Tubs, skylights bolster WakeMed Cary's delivery room renovations

Posted October 3

— The expansion and renovation of WakeMed Cary Hospital's labor and delivery unit opened on Tuesday to make the birthing process more comfortable and memorable for new mothers.

The WakeMed Cary Women's Pavilion and Birthplace was designed with family bonding and healing in mind to take expectant parents from arrival through delivery. With that in mind, the hospital set out update the birthing experience.

"Part of the renovation was to create more of a hotel and spa-like experience," said WakeMed Cary's Chief Medical Officer Dr. Seth Brody.

Brody said the rooms are now 30 percent larger, which allow people to move around more easily.

Like most newer labor and delivery rooms, there is plenty of space for family, including a fold-out bed and two large TV screens. However, the first thing most couples will notice is the large window-lit tub in the back of the room.

"The tub is a unique part of the experience, particularly for women laboring," Brody said. "A lot of our patients laboring find that to be a major part of relaxing."

The actual birth will be at the bed. Until that moment, all technical gear and carts remain hidden.
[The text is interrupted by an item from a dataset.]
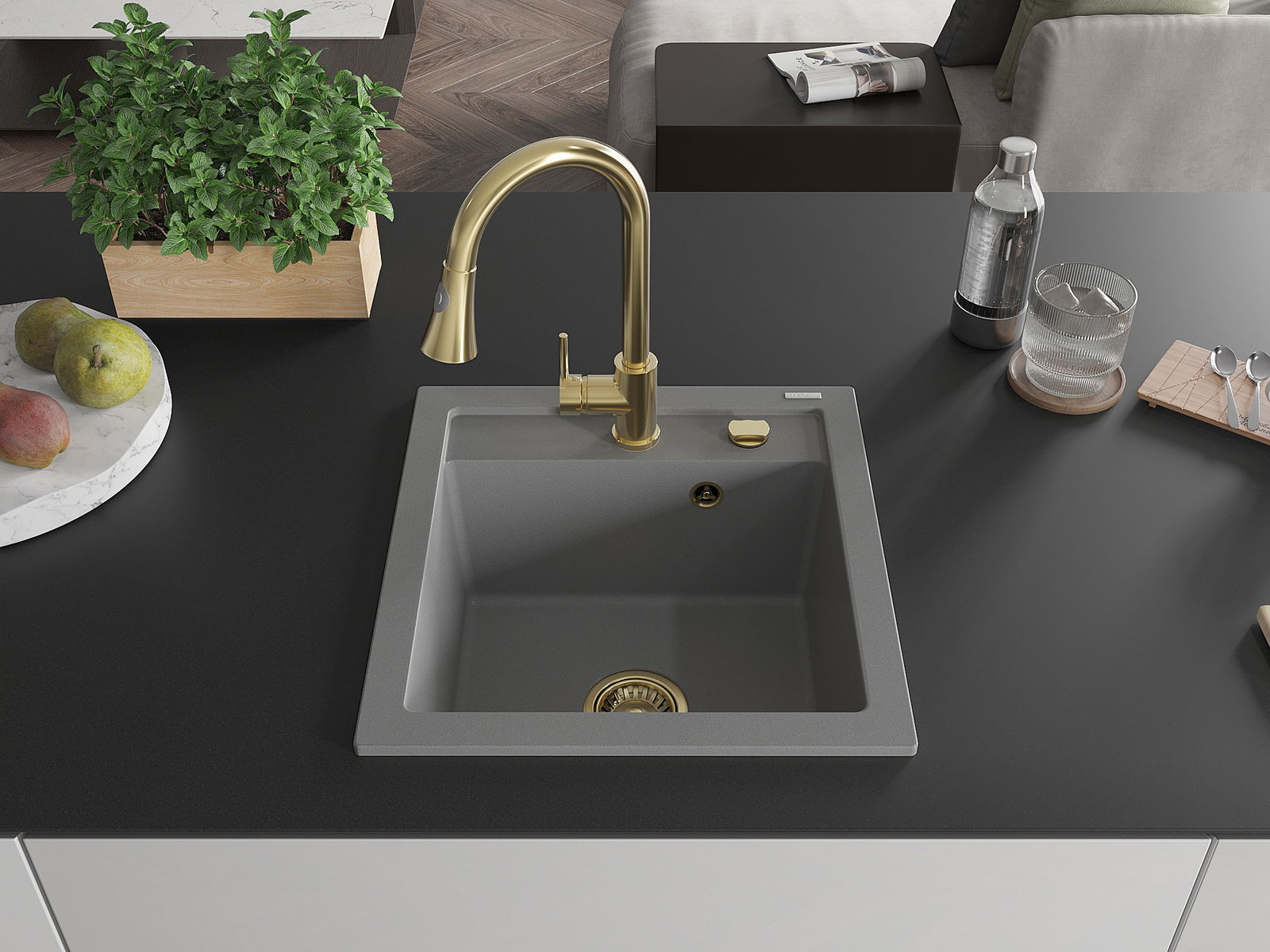 A mosogató kiváló minőségű gránitból készül. Ez egy elegáns és mindenekelőtt minden konyhához praktikus kiegészítés, stílusától függetlenül. A kiváló minőségű és a gránit tartósság biztosítja a sok éves használatát.

"When it's time for action, and the baby's being born, we obviously need all our proper equipment," Brody said.

Brody said large windows and corridor skylights are also important design elements.

"Natural light is well known to be part of the healing process," Brody said. "It makes people feel good as opposed to the feeling (that) you're locked into a closed, dark space."

When the Women's Pavilion and Birthplace opened in 1997, there were eight labor, delivery and recovery beds along with a small nursery. Now, there are a total of 10 labor and delivery suites as well as 26 postpartum rooms, as baby nurseries are giving way to more newborns staying in the room with mom.

"That encourages more breast feeding, better bonding," Brody said. "So, that experience has changed dramatically."

WakeMed has three full-service hospitals offering a birthing experience. The hospitals deliver more babies than any other health system in Wake County, with 7,960 babies born in the last fiscal year.